**Supplied information**.
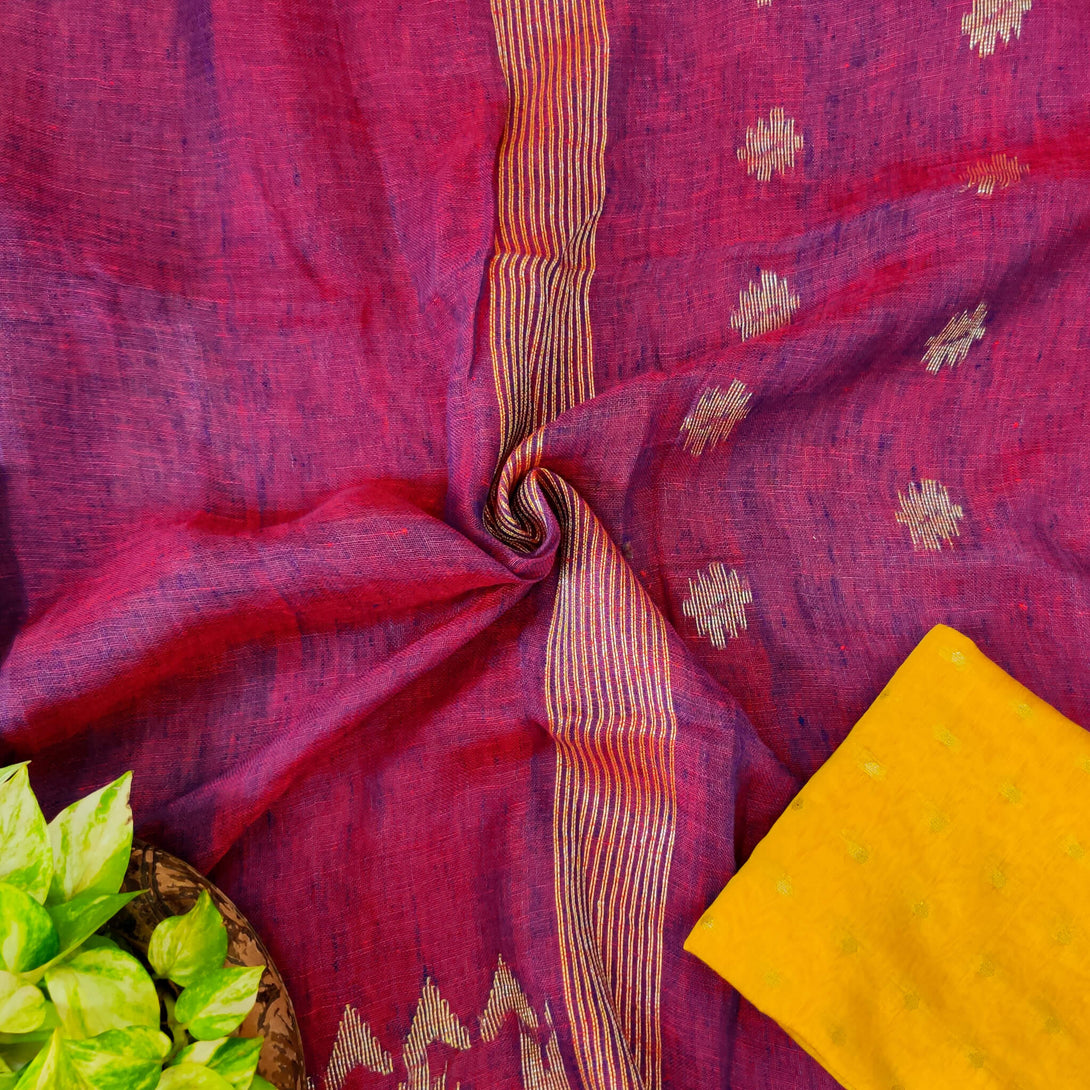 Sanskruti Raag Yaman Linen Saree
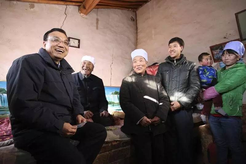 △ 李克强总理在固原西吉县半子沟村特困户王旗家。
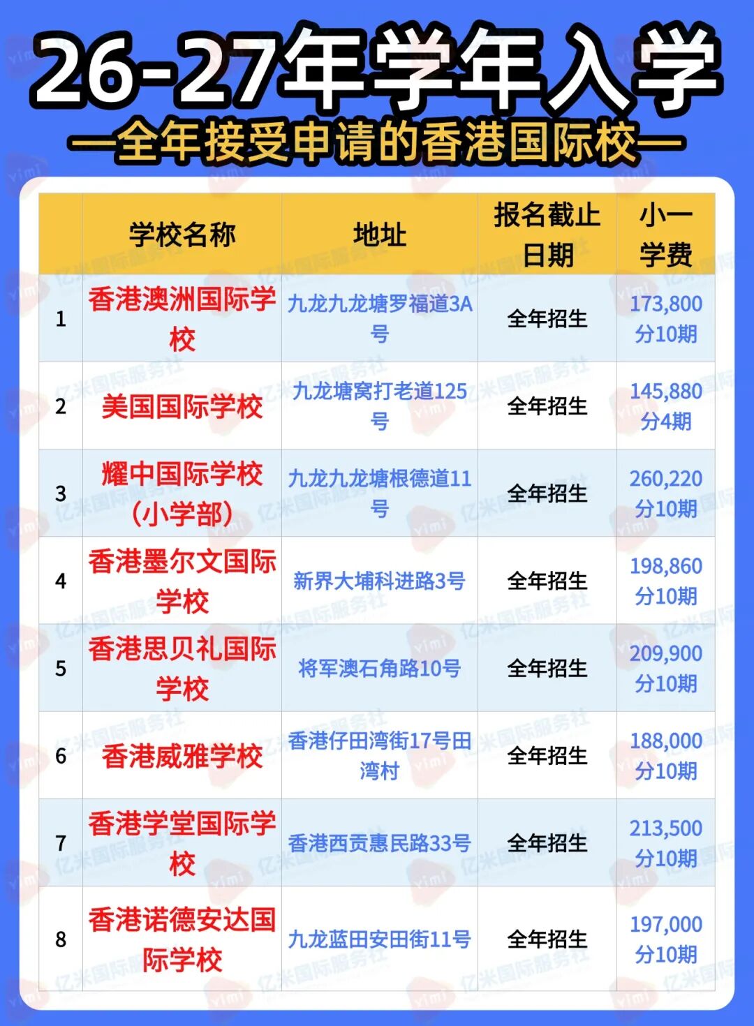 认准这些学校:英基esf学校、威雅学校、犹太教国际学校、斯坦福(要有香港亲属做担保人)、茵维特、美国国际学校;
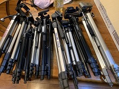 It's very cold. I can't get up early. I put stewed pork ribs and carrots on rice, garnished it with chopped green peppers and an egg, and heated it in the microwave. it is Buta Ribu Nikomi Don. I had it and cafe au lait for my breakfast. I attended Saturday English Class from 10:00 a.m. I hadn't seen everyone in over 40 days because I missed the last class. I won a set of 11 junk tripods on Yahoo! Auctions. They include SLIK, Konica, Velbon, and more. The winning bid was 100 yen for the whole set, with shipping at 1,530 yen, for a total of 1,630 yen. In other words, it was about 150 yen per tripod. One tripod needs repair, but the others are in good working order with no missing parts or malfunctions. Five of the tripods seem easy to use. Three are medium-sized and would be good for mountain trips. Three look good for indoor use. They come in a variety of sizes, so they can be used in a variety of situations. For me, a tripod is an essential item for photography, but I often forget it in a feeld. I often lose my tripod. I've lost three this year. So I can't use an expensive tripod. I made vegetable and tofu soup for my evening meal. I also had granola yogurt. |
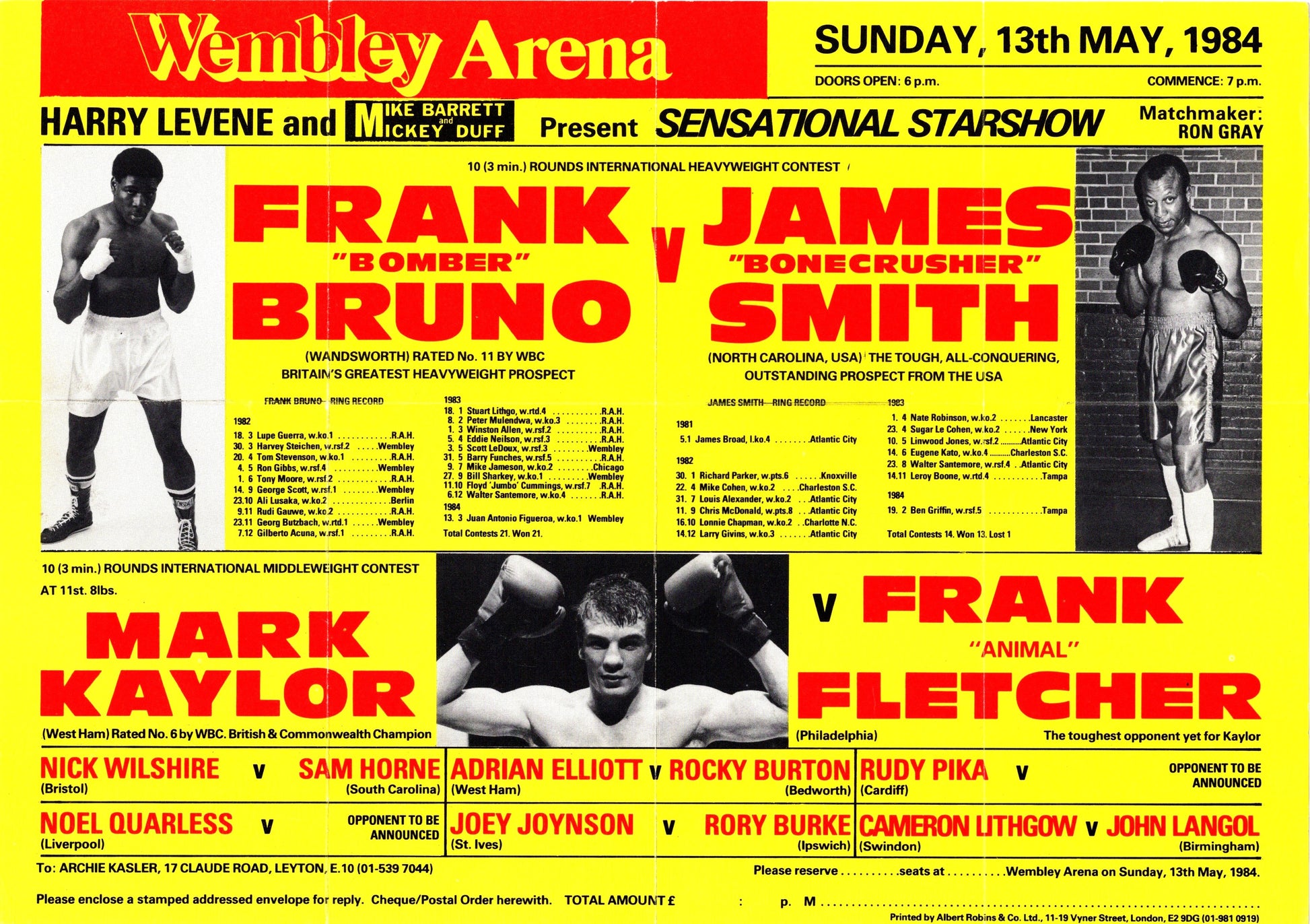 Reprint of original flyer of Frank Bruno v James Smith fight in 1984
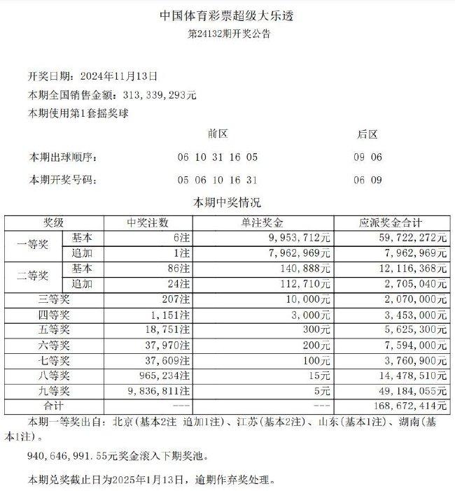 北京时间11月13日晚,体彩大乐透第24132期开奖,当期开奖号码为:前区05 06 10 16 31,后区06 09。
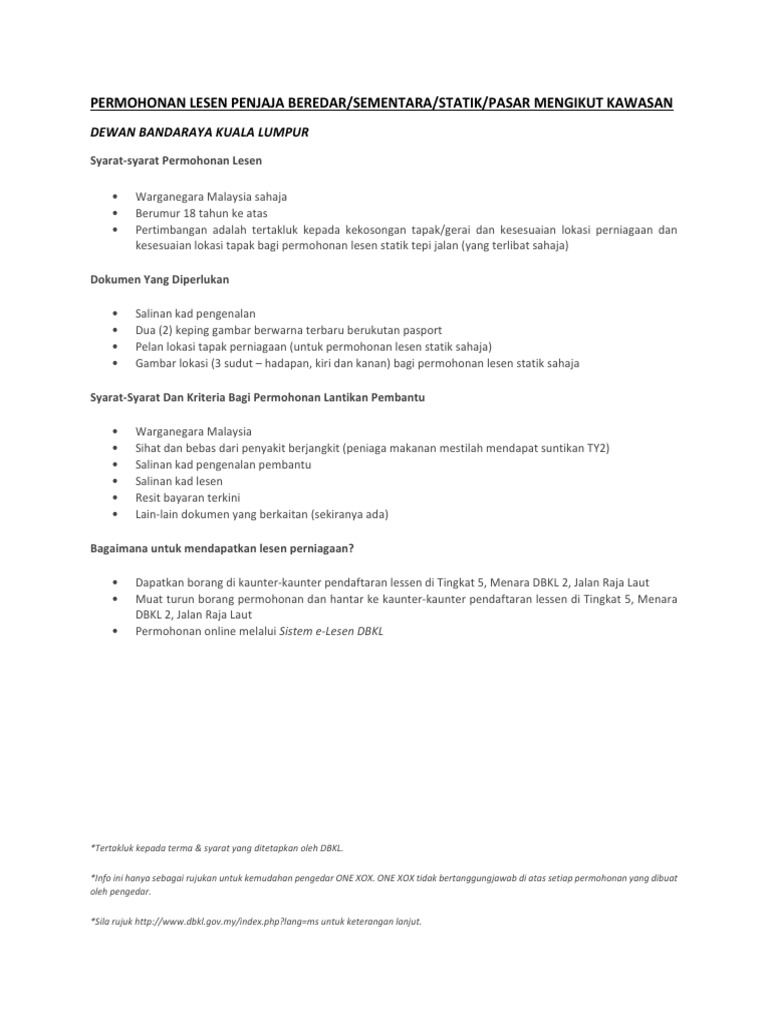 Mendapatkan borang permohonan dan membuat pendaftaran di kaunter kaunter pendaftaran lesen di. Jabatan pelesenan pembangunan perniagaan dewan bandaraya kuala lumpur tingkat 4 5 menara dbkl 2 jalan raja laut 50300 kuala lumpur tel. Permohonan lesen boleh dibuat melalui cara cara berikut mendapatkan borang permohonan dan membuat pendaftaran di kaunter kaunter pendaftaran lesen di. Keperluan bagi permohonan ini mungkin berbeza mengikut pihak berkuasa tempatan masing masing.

...

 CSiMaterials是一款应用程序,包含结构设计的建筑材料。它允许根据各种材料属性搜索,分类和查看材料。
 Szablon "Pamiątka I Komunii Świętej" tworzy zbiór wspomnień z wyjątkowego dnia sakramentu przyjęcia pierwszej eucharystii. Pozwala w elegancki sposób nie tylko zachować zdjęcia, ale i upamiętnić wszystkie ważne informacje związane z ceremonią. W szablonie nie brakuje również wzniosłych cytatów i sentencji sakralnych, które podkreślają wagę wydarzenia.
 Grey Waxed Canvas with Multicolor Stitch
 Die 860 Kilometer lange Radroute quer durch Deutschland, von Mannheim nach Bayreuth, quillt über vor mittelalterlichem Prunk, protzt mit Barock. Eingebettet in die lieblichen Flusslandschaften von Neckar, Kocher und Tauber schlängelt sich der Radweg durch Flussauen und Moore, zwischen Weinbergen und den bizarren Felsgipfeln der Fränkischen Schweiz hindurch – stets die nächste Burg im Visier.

**What to do**. Pictures do not belong in the answer. Return the lines above starting at the one with "Reprint of original" and ending at the one with "北京时间11月13日晚,体彩大乐透第24132期开奖,当期开奖号码为:前区05 06 10", both kept, exactly.

**The completed task**.
 Reprint of original flyer of Frank Bruno v James Smith fight in 1984
 北京时间11月13日晚,体彩大乐透第24132期开奖,当期开奖号码为:前区05 06 10 16 31,后区06 09。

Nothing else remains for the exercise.